Transformative and Connective: Visiting Writer Danielle Vogel

With her signature braid-crown hairstyle and stunning drop earrings, the cross-genre writer Danielle Vogel captured the audience from the moment she stepped to the podium.

Author of four hybrid poetry collections, “Between Grammars (2015), “Edges & Fray(2019), “The Way a Line Hallucinates Its Own Linearity” (2020), and “A Library of Light” (forthcoming 2024), Vogel was invited as the fourth speaker of the Center for Creative Writing’s Visiting Writers Series. Vogel is also an English professor at Wesleyan University and runs a private practice “with/in herbals,” where she displays her skills as a herbalist and flower essence practitioner. While her written work focuses on the intersections of queer and feminist ecologies, somatics, and ecology, her installations and site-responsive works have been displayed in art venues from the RISD Museum and Carnegie Hall to Tjarnarbió Theater.

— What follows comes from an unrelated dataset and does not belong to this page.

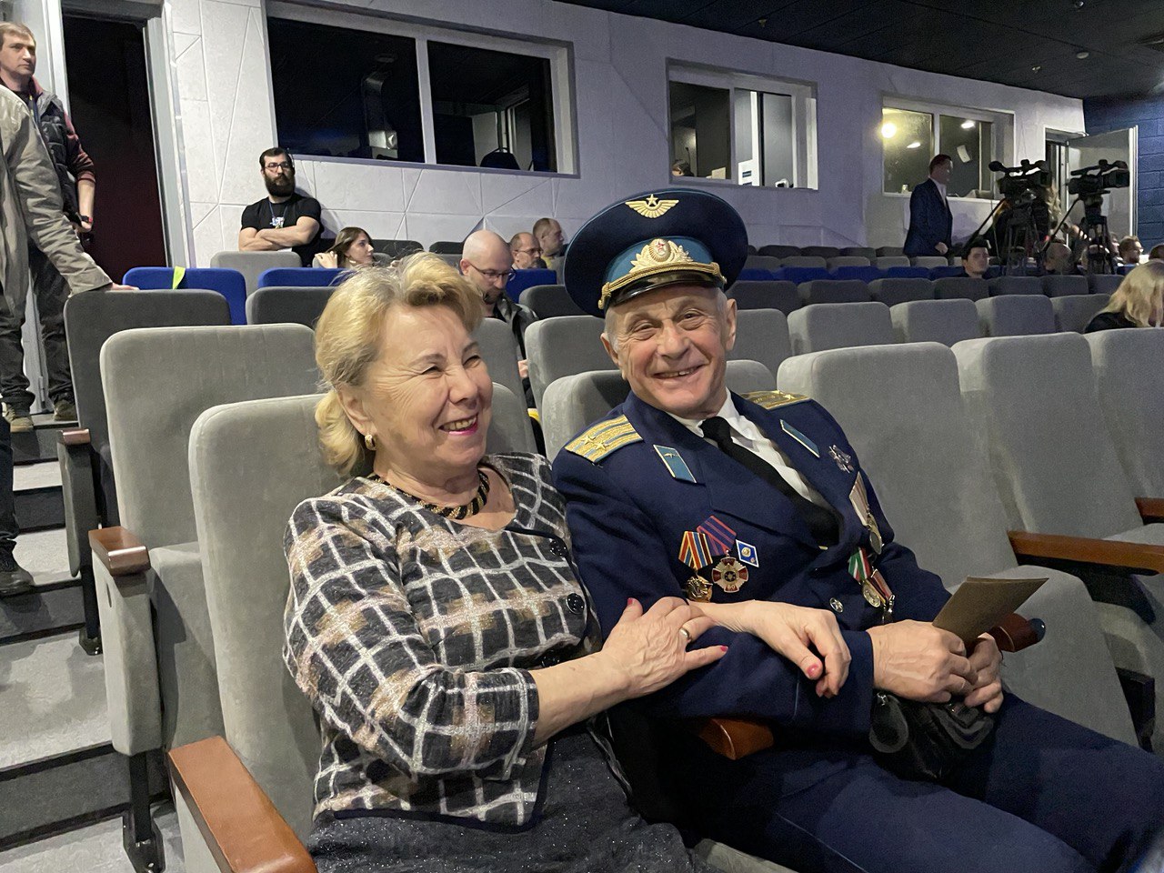 Нам удалось встретиться с ветераном космодрома «Байконур» Александром Трусевичем. Он пришел в сопровождении жены Марины Исаевны. Александр Игоревич, он же подполковник ВКС и заместитель председателя Калужского городского совета ветеранов войны и труда, много рассказывал про помощь ветеранам и пригласил на несколько мероприятий, которые они организуют.

Held at the Aliki Perroti & Seth Frank Lyceum, Lecturer in English Dennis J. Sweeney opened the reading by introducing Vogel. Sweeney is currently teaching the courses “Creative Thesis Workshop” and “Hybrid Forms” in which his students read parts of Vogel’s “Edges & Fray” (2019). Sweeney thanked Vogel for attending his “Hybrid Forms” course earlier that day and proceeded to invite Vogel to the stage.

After stepping up to the podium and thanking everyone for coming, Vogel took a moment of silence which she later revealed was to examine the crowd in order to fully engage with them. She also paused to consume a drop of Wild Rose Elixir, an herbal supplement which she personally makes and sells on her online store “with/in herbals.” She explained that she likes to take a dose before reading events.

Vogel started by reading the last few pages of her collection “The Way a Line Hallucinates Its Own Linearity.” Vogel explained it was her first time reading the end of her book to an audience, but she wanted to offer students working on final projects an insight into how she closes her books. Vogel also warned the audience that because her work is a lyric essay they should not be alarmed if they feel sleepy at any point. Vogel spoke in a soft, soothing voice and read her lyric essay with ease putting the audience in a trance.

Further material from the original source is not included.